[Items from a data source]
*****

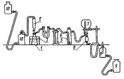где m1 - масса карбида кальция, оставшаяся на одноименных ситах или прошедшая через нижнее сито, кг; m - масса карбида кальция, взятая для определения, кг. За результат анализа принимают среднее арифметическое двух параллельных определений, допускаемые расхождения между которыми не должны превышать 0,25% при доверительной вероятности Р=0,95. Допускаемая абсолютная суммарная погрешность результата анализа ±0,3 % при доверительной вероятности Р=0,95. (Измененная редакция, Изм. № 3). 4.5. Определение объемной доли фосфористого водорода в ацетилене 4.5.1. Реактивы, растворы и аппаратура Кислота уксусная по ГОСТ 61, раствор с массовой долей 80-90 %. Йод по ГОСТ 4159, раствор концентрации с (1/2 J2)=0,01 моль/дм3 (0,01 н.), готовят по ГОСТ 25794.2. Натрий уксуснокислый по ГОСТ 199. Натрий серноватистокислый (тиосульфат натрия) по ГОСТ 27068, раствор концентрации 0,01 моль/дм3 (0,01 н.). Кислота соляная по ГОСТ 3118, плотностью 1,19 г/см3. Крахмал растворимый по ГОСТ 10163, водный раствор с массовой долей 0,5 %. Вода дистиллированная по ГОСТ 6709. Кадмий уксуснокислый, поглотительный раствор, готовят следующим образом: 27 г уксуснокислого кадмия растворяют в воде и при необходимости фильтруют. К раствору добавляют 10 см3 уксусной кислоты и 10 г уксуснокислого натрия, объем раствора доводят водой до 1 дм3 и хорошо перемешивают. Колба коническая типа КН-500-34. Колба плоскодонная типа КП-1000-34. Воронки капельные. Трубка U-образная типа КШ 14,5/23. Склянки для промывания газов по ГОСТ 25336 типа CHI-200. Бутыли с тубусом по ГОСТ 25336 вместимостью 3 и 10 дм3. Термометр ртутный стеклянный. Весы лабораторные общего назначения по ГОСТ 24104 2-го класса точности с наибольшим пределом взвешивания 200 г, допускается применение других весов с аналогичными технологическими и метрологическими характеристиками. Бюретки, пипетки по НТД, пробирки, колбы, цилиндры по ГОСТ 1770 2-го класса точности, допускается применение другой посуды при условии получения метрологических характеристик, не уступающих указанным в соответствующих стандартах. (Измененная редакция, Изм. № 2, 3). Для определения фосфористого водорода в ацетилене из карбида кальция применяют прибор (черт. 2), состоящий из: конической колбы для разложения карбида кальция вместимостью 500 см3 с присоединенной к ней капельной воронкой такой же вместимости, ванны для охлаждения колбы; U-образной трубки, заполненной стеклянной ватой и плотно закрытой пробками (газ поступает и выходит через боковые отводы); первой склянки для промывания газов; второй склянки для промывания газов, снабженной фильтром ПОР 160 или ПОР 100 по ГОСТ 25336; плоскодонной колбы, калиброванной по воде для определения фосфористого водорода, вместимостью 1 дм3 с присоединенной к ней капельной воронкой вместимостью 50-100 см3; большого аспиратора - двух бутылей с нижними тубусами вместимостью 15 дм3 каждая, соединенных между собой резиновым шлангом через тубусы, одна из бутылей плотно закрыта пробкой со вставленным в нее термометром; малого аспиратора - двух склянок с нижними тубусами вместимостью 3 дм3 каждая, соединенных между собой через тубусы. Коническую и плоскодонную колбы и одну бутыль большого аспиратора плотно закрывают резиновыми пробками с двумя отверстиями. В одно отверстие пробки конической колбы вставляют капельную воронку так, чтобы нижний оттянутый конец ее диаметром около 3 мм выступил на 5-10 мм от ниж
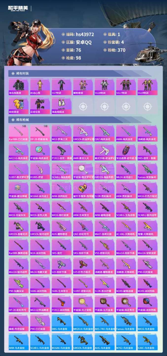 hs43972 安卓手Q-1王牌印记-4粉装-2特效枪-1载具-30115热力值-76套装-98枪皮
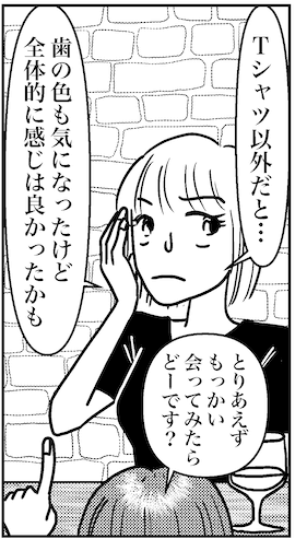 43歳、アプリや結婚相談所は続けているけど婚活は停滞中。最近はマッチングアプリで出会った30歳の外資系男子と飲みに行ったけど、バレンシアガのデカいロゴTシャツがどうしても気になる。後日、婚活友達にも話したところ、「とりあえずもっかい会ってみたら?」というアドバイスが。そうだな、もうちょっと考えてみようかな?
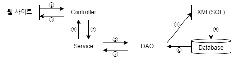 4 ~ 6. DAO는 XML을 통해 Database로부터 Service가 요청한 데이터를 가져옴
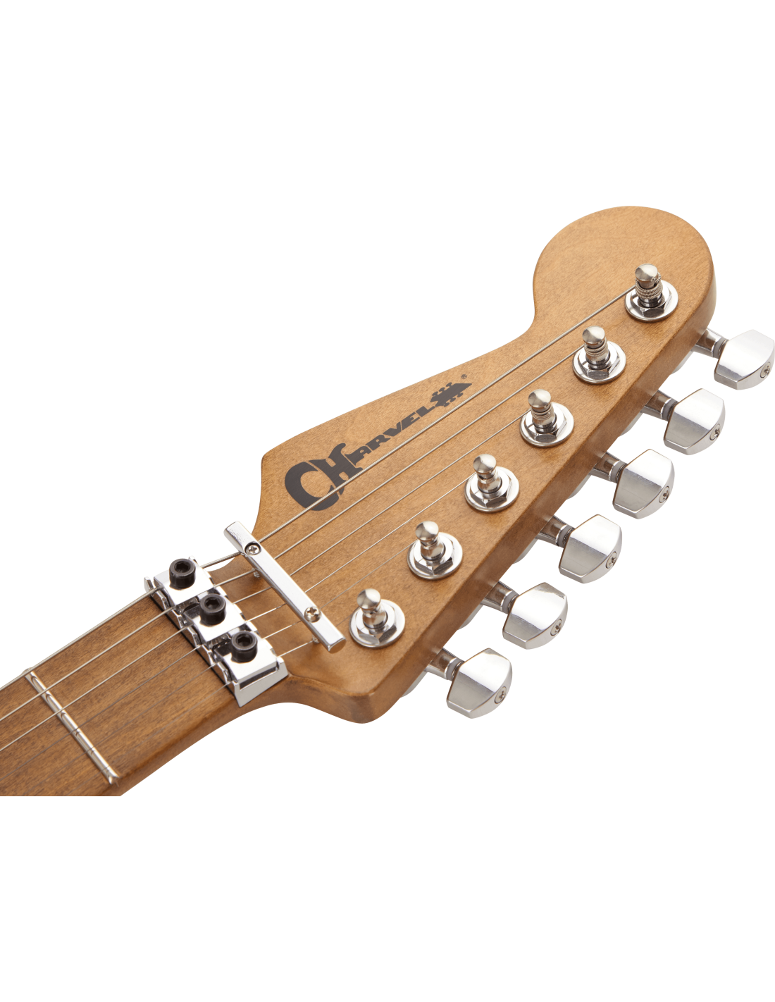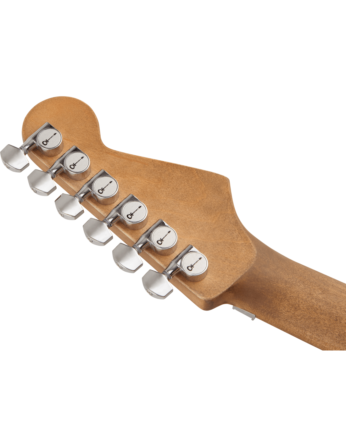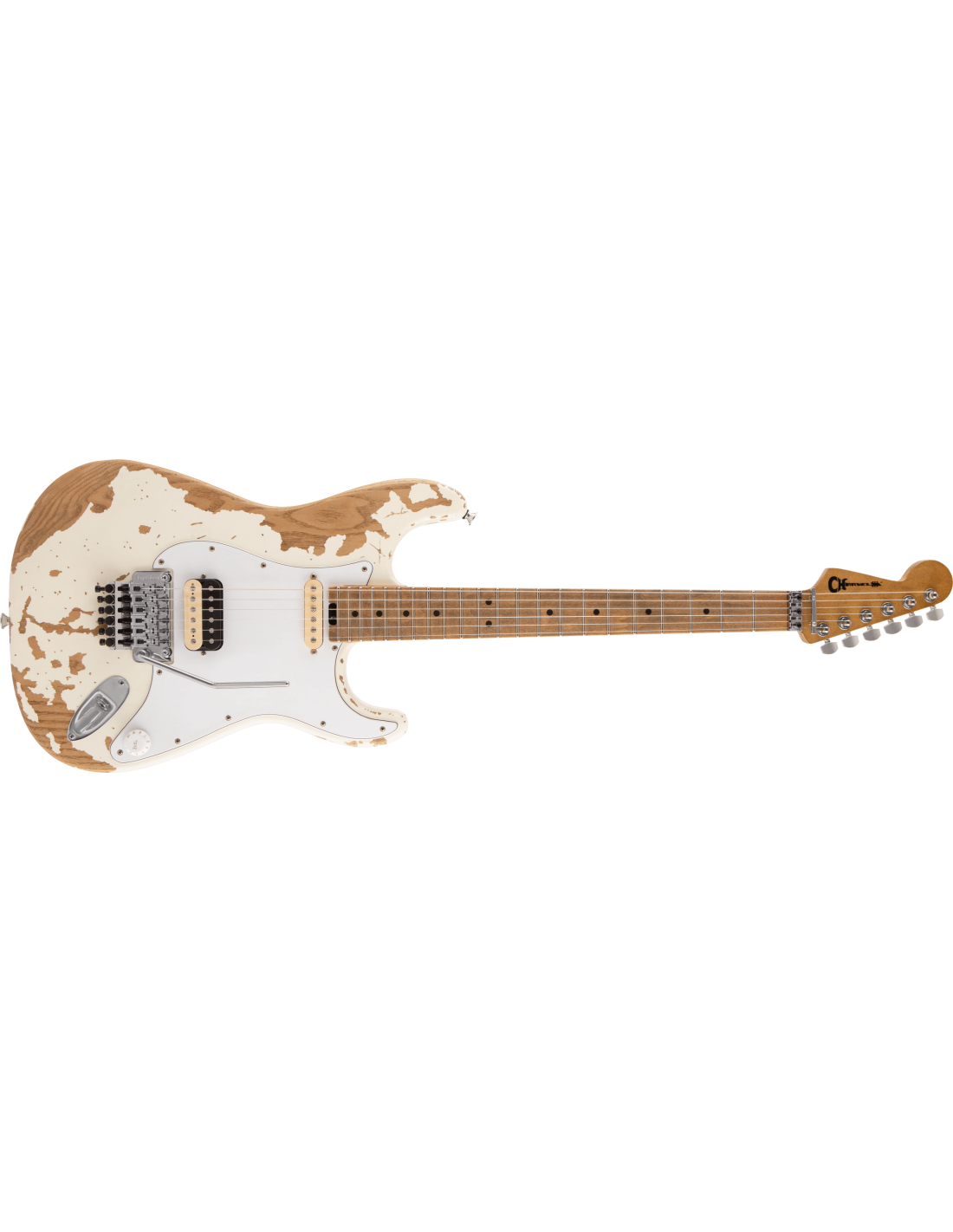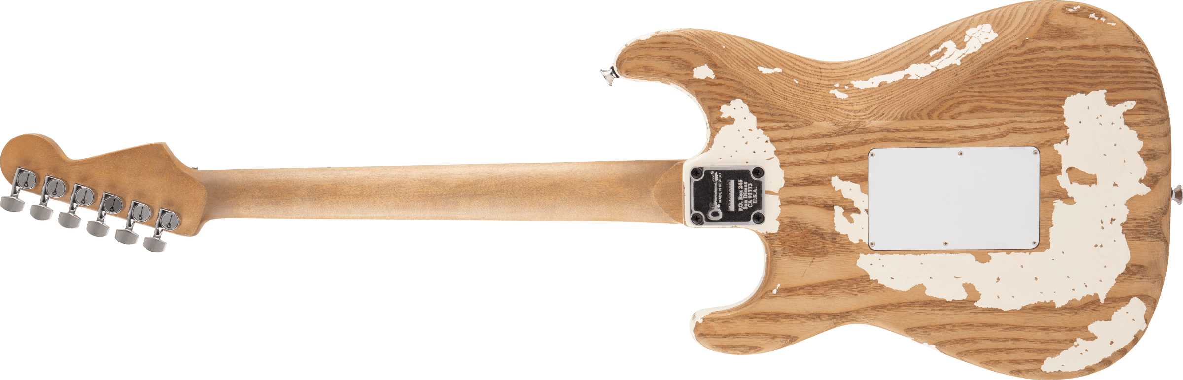 CHARVEL PRO MOD HENRIK DANHAGE LTD HEAVY RELIC HS est une guitare électrique solid body So-Cal 1 style, modèle Henrik Danhage Limited Edition Signature Pro-Mod avec un corps en frêne relic, un manche en érable relic au profil Speed Neck avec bords arrondis et renfort en graphite, un doigté en érable à rayon composite 12"-16" avec 22 frettes Jumbo et des incrustations Black Dots avec des points latéraux noirs, un sillet Floyd Rose 1000 Series Locking, une tête Reverse Strat Style, un matériel chromé relic, des mécaniques Charvel-Branded pressofuse, un abaisse-cordes Floyd Rose Retainer Bar et un pont Floyd Rose 1000 Series Double-Locking Tremolo (Top-Mount). L'électronique à configuration HS consiste en 1 micro humbucker Seymour Duncan JB TB-4 au pont et 1 micro simple bobinage DiMarzio Area 67 DP419CR au manche et un contrôle de volume de style Strat avec push/pull pour la sélection des micros.

*****

- [Task instructions] What is wanted is an exact copy of the lines above from the one containing "hs43972 安卓手Q-1" through the one containing "4 ~ 6. DAO는", with no pictures in it.

- [Task answer]
 hs43972 安卓手Q-1王牌印记-4粉装-2特效枪-1载具-30115热力值-76套装-98枪皮
 43歳、アプリや結婚相談所は続けているけど婚活は停滞中。最近はマッチングアプリで出会った30歳の外資系男子と飲みに行ったけど、バレンシアガのデカいロゴTシャツがどうしても気になる。後日、婚活友達にも話したところ、「とりあえずもっかい会ってみたら?」というアドバイスが。そうだな、もうちょっと考えてみようかな?
 4 ~ 6. DAO는 XML을 통해 Database로부터 Service가 요청한 데이터를 가져옴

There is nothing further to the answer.